Co zamiast czapki i szalika na zimowe chłody? Kapturo-szalik :) Miał być sterczący, z pomponem i kolorowy. Zrobiłam z miłej, grubej, ciepłej i mega kolorowej włóczki himalaya joyfull, którą uwielbiam :)
Ciężko było uchwycić kolory i wygląd tego dziergadła... tak wygląda na płasko
A tak z rozbrykanym modelem - Jeremisiem :) Największym powodzeniem cieszył się majtający pompon :)
ciekawe czy spodoba się nowej właścicielce...
Udało mi się zdążyć z dzierganymi prezentami dla solenizantów i jubilatów - pomalutku będę pokazywać co powstało :)

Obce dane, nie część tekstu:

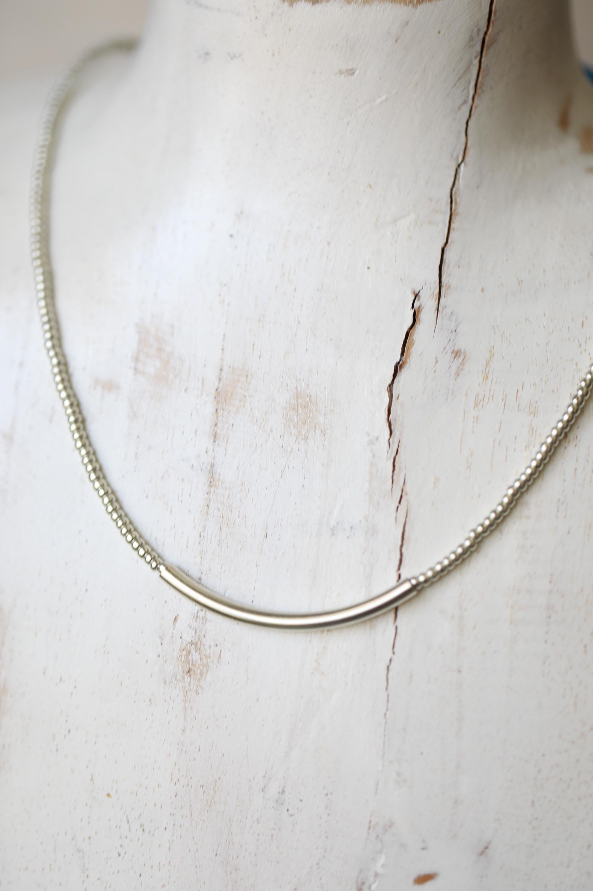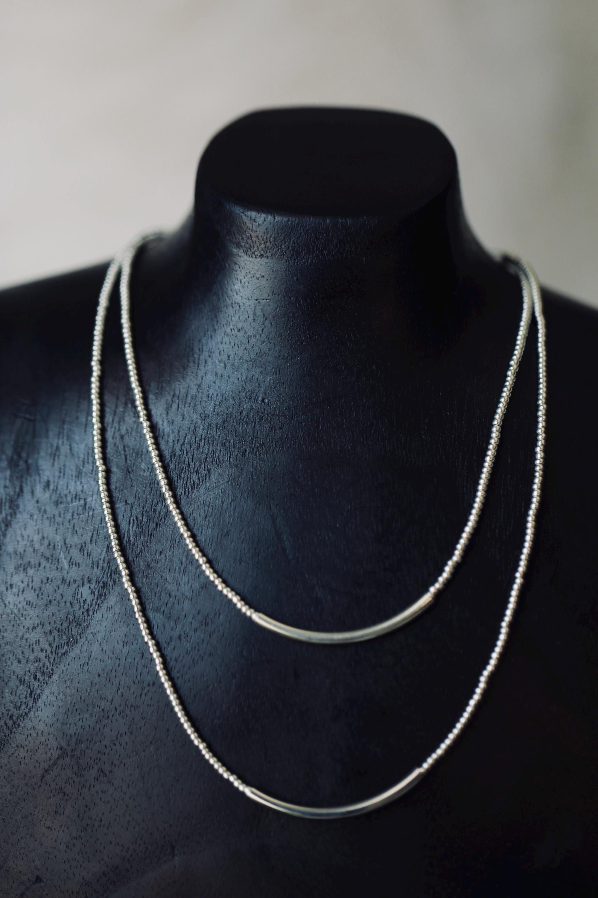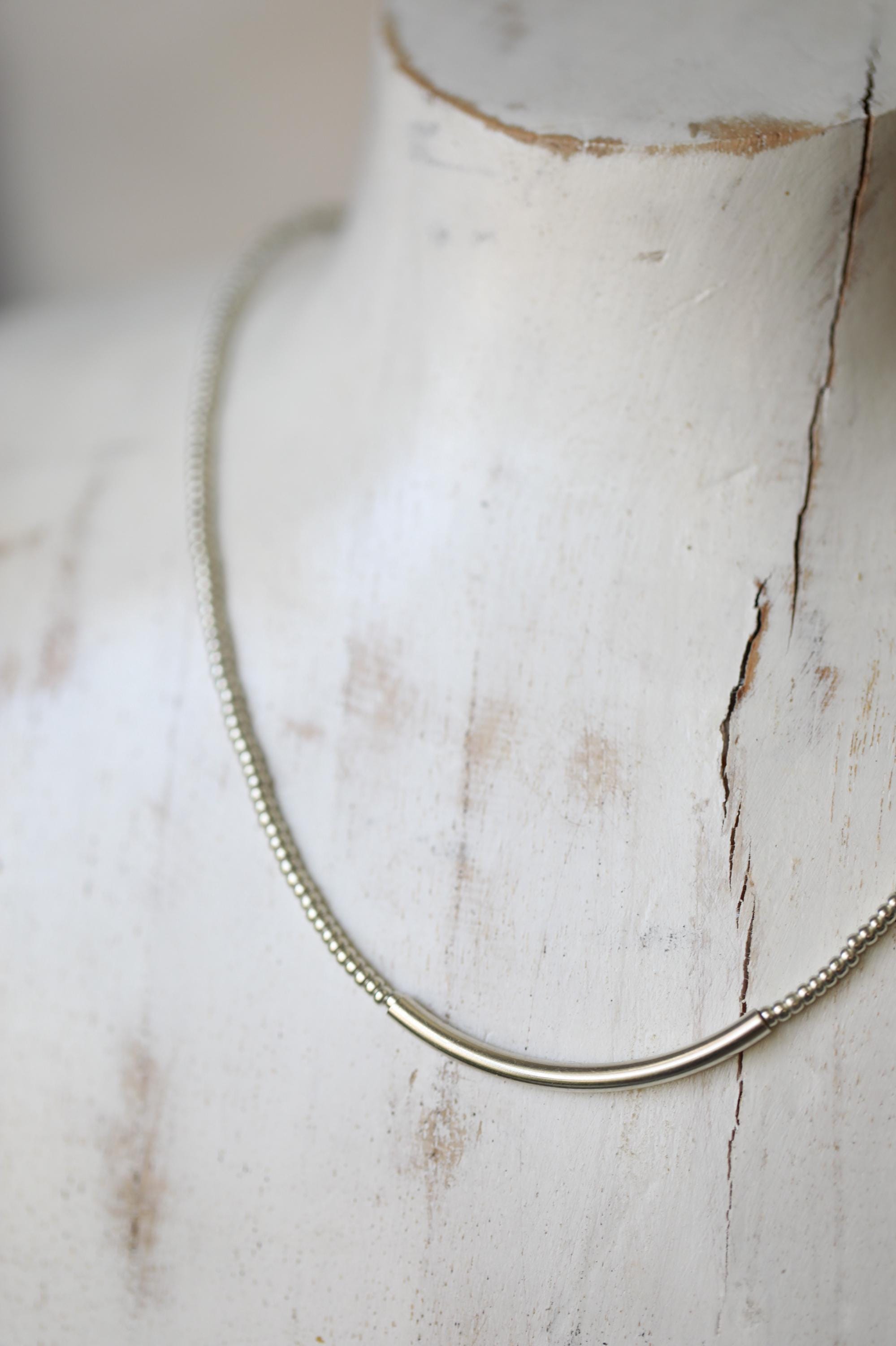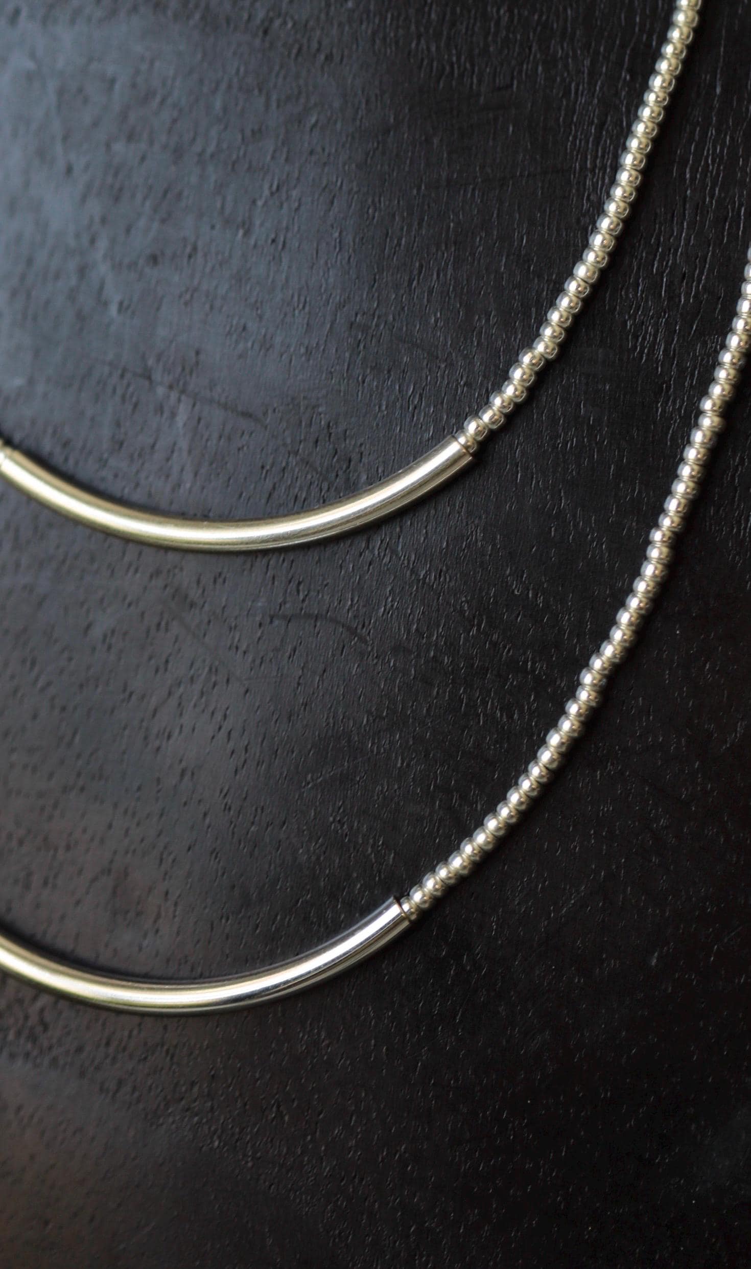 Meet your new everyday favorite. This minimalist sterling silver curved tube necklace is the perfect blend of simple elegance and effortless style. Designed to sit beautifully at 16", it layers like a dream with your longer pieces—or shines all on its own.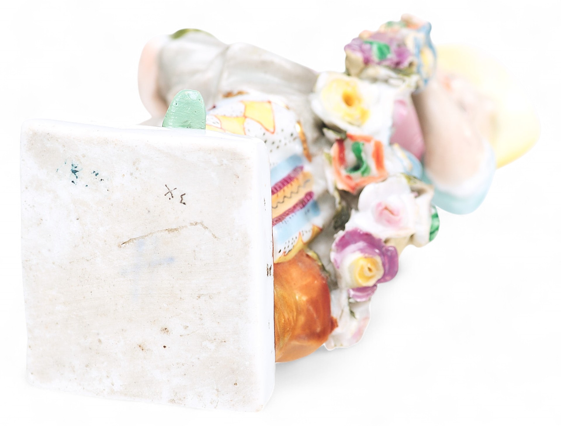 Жанр пасторали поэтизировал мирную и простую сельскую жизнь, и был схож с лиричными принципами галантных сцен, изображающих идеально-красивых людей в обстановке абсолютного, безмятежного счастья и гармонии. Композиция выполнена на хорошем техническом уровне. Статуэтка подвергалась небольшой реставрации. На дне композиции присутствуют следы от фабричных марок, не идентифицируются. В одном из них узнаются две скрещенных линии, напоминающих стандартное клеймо фабрики Мейсен: в XIX -начале XX в. многие небольшие европейские мануфактуры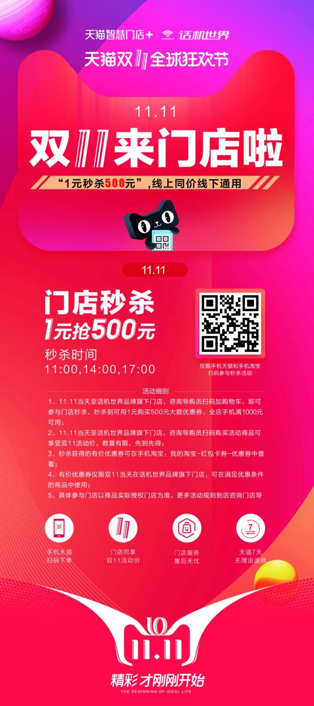 双十一当天到店扫码在天猫线上抢1元券

************************************************
Kochani mam do Was OGROMNĄ prośbę - zagłosujcie proszę na "Tlenowe witaminy" (link u góry w pasku bocznym, potem wystarczy kliknąć "najpopularniejsze" i inicjatywa będzie w czołówce). Niestety ostro ruszyła konkurencja... Jury wybierze inicjatywy z top20, więc mimo np. 2 miejsca może się okazać, że nie załapiemy się do puli nagród... jedynie pierwsze miejsce gwarantuje, że dostaniemy dofinansowanie. Bardzo proszę o klik, to trwa chwilkę, a przybliża dzieciaczki do wygranej!
super!
OdpowiedzUsuńŚwietny pomysł i wykonanie oczywiście :)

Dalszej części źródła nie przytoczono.